Last night the traffic was so heavy in our usual route that I had to drive an extra 20 km to take another route. It took me 2 hrs and 45 minutes before we reached our apartment.

So today I did all the DIY stuff that I left hanging. Stupid me, that made me exhausted today.

I refreshed the white paint on the wall where my living room windows are. I also finally changed the curtain rod brackets downstairs and was able to hang the Christmas curtains that I bought from Shopee one night I wasn’t able to sleep. I’m afraid I overdid the Christmas thing.

Looks kitschy. Photo by CallMeCreation.com

But I think it looks better at night, less overpowering.

I have to make it grow on me because these damned things cost me PHP 500. Photo by CallMeCreation.com

And I did not stop there. I added curtain rod brackets in my room because my annoying cats keep on climbing the curtains and they’re not exactly light.

Since I felt so energetic today, I proceeded to sand my closets because the paint is peeling and Kimichi kept scratching the corner so it was worn.

I turned my impact drill into a sander. I uncovered several layers of paint. Photo by CallMeCreation.com

I chose Boysen Skyblue for my closets. There was something off with the Tiffany blue that came with the apartment when we moved in so I decided to go for a lighter shade of blue.
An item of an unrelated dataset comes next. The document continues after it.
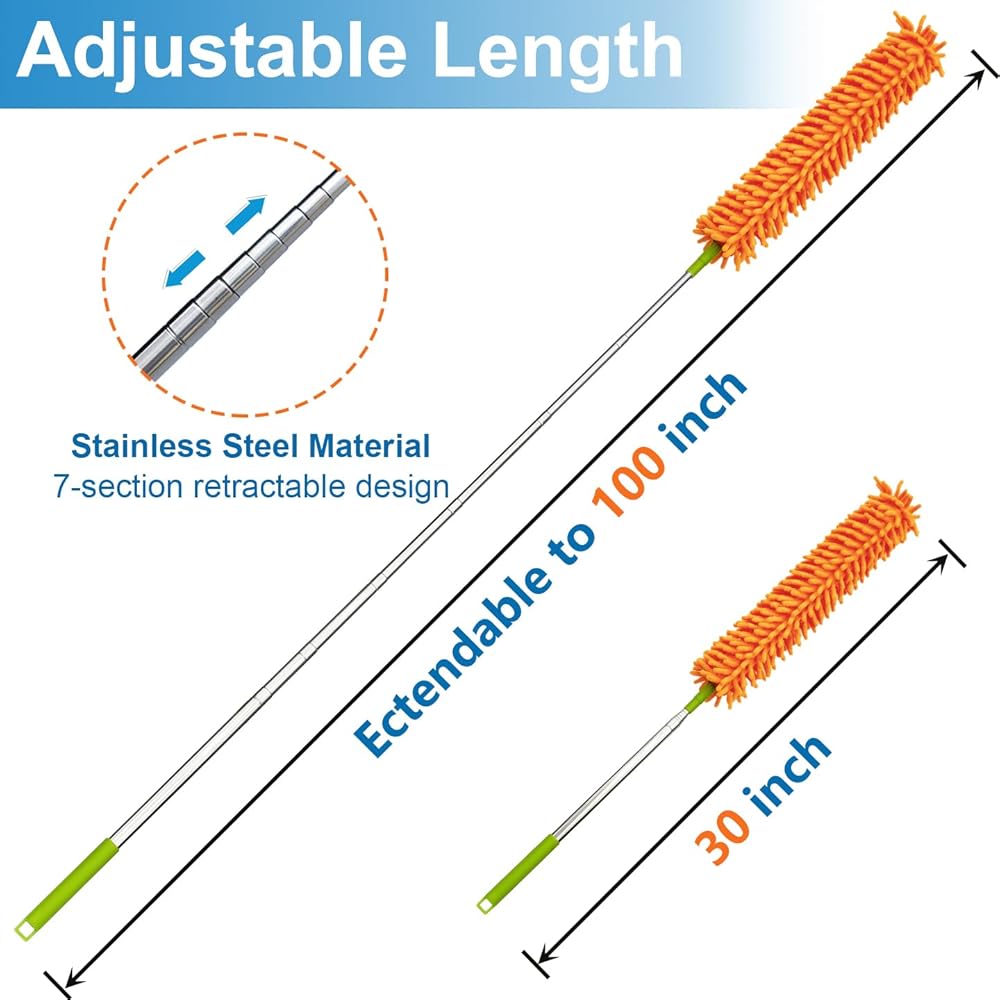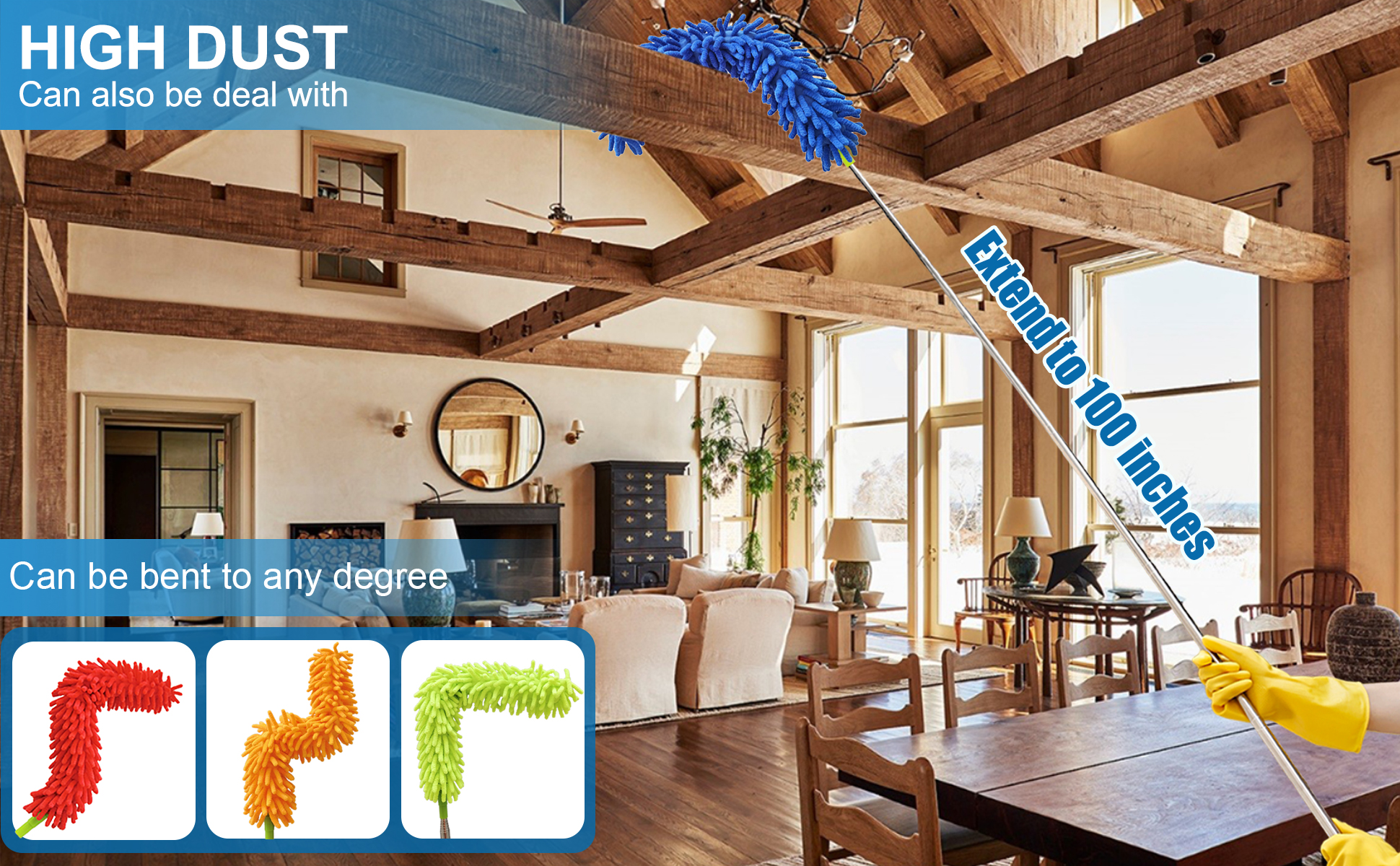 【عمود طويل للغاية】: يبلغ طول المنفضة 76.2 سم، ويمكن أن تمتد إلى 100 بوصة. مما يجعل من السهل تنظيف الغبار المختبئ في الزاوية العالية.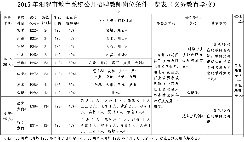 汨罗市2015年教育系统公开招聘教师岗位条件表.doc

Unfinished. Photo by CallMeCreation.com

I didn’t paint the upper cabinets yet because I was so tired and I looked like a Smurf because I was already blue all over. And my paint was the quick-dry type so it was sticky, smelly, and hard to even out. At least I was able to fill out with wood filler the scratches that Kimichi made and I was able to cover it with paint. Now I’m getting high with the smell.
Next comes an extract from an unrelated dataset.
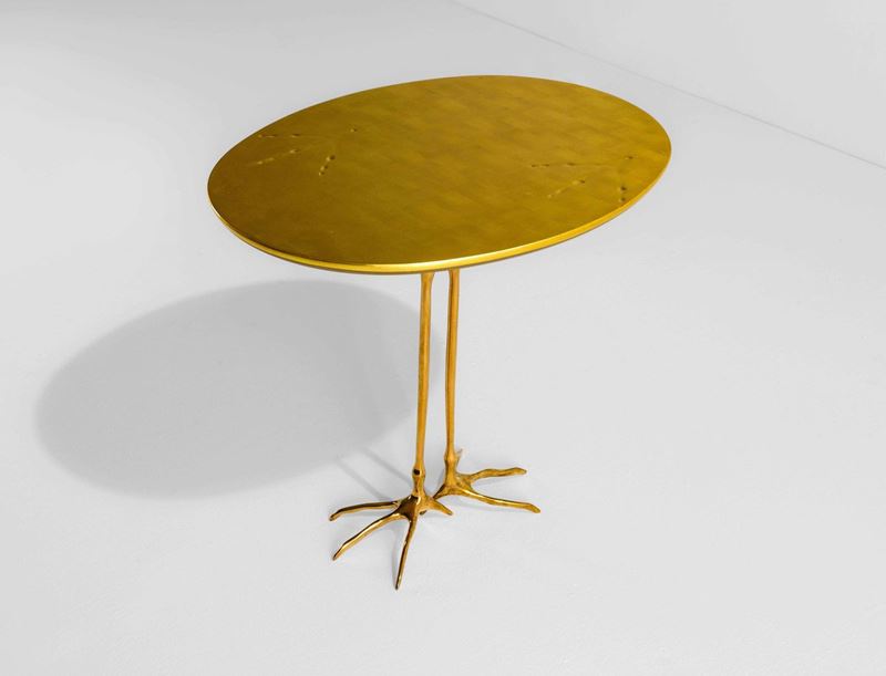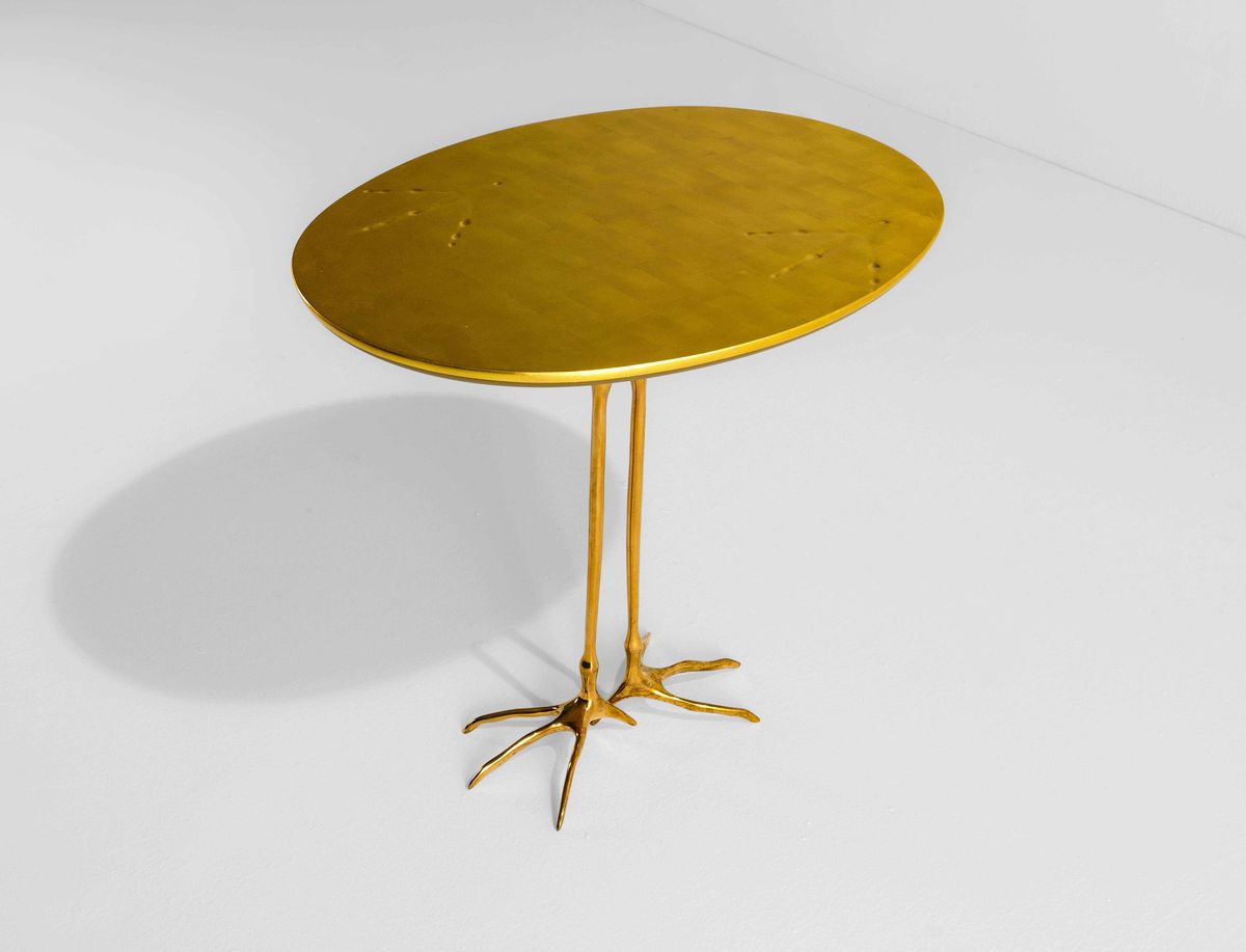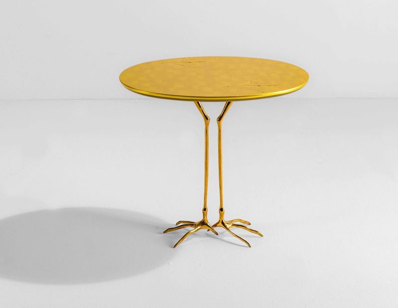 Tavolo mod. Traccia struttura in fusione di bronzo dorato e piano in legno foglia oro. Collezione Ultramobile.

As I was letting the paint dry, I grilled marinated chicken outside while my kids and our househelp, Ate C, lighted candles for our departed loved ones. Today is Dia de Todos los Santos (All Saints’ Day) and tomorrow is Dia de los Muertos (Day of the Dead) but in recent years Filipinos started visiting the grave of loved ones on 1 November instead of 2 November. Traditionally the holidays are 31 Oct-2 Nov but was truncated this year to only the 1 Nov. Dia de los Muertos is more known to be a Mexican holiday but most Spanish and Portugese colonies have their own way of commemorating the dead. In the Philippines, it’s more subdued compared to the Mexican one. When I was a kid, some people spend the night of the 31st in cemeteries to hang out in their family mausoleum or tombs until Nov 1 and have some kind of family reunion there. Filipino Chinese families light joss sticks and offer food and flowers. In our family we just clean the tombs, offer flowers, light candles and say our prayers. We stay until the candles have died out.

Lighting candles in front of the apartment. Photo by CallMeCreation.com

This is the third straight year we just have lighted candles in front of our house. In 2018, the traffic was so bad that I just opted to stay at home. Last year and this year, obviously, we had to stay home because of Covid-19 restrictions. My mom is already contented that I brought her last week a huge pot of mums and the purple hydrangea for my father’s niche at the columbarium near my mom’s house.

Since I’m making the most of my stay here in this apartment, I will be filling up the walls with crafts and art. Next time that will go home to my mom’s house, I’ll be taking my old drawings with me and put them in frames and hang them in my room. I bought some frames from Photoline in SM that were on sale last week.

J left his drawing on my refrigerator door and when we broke up, I shoved it in my closet and let it stay there almost 11 months. I decided to take it out again and put it in one of the frames I bought. He drew this scene from Istanbul when he was demonstrating to the girls how to use their color markers.

Photo by CallMeCreation.com
Photo by CallMeCreation.com

I had hung his drawing in the place where his workstation was. He may not be a nice person, but for old times’ sake this is how I am choosing to remember him: a traveler. I am just one stop.

Soon this room will be filled by my old drawings/paintings and cross-stitch projects. And probably new ones too. His drawing will just be one of the many that I will have on my walls.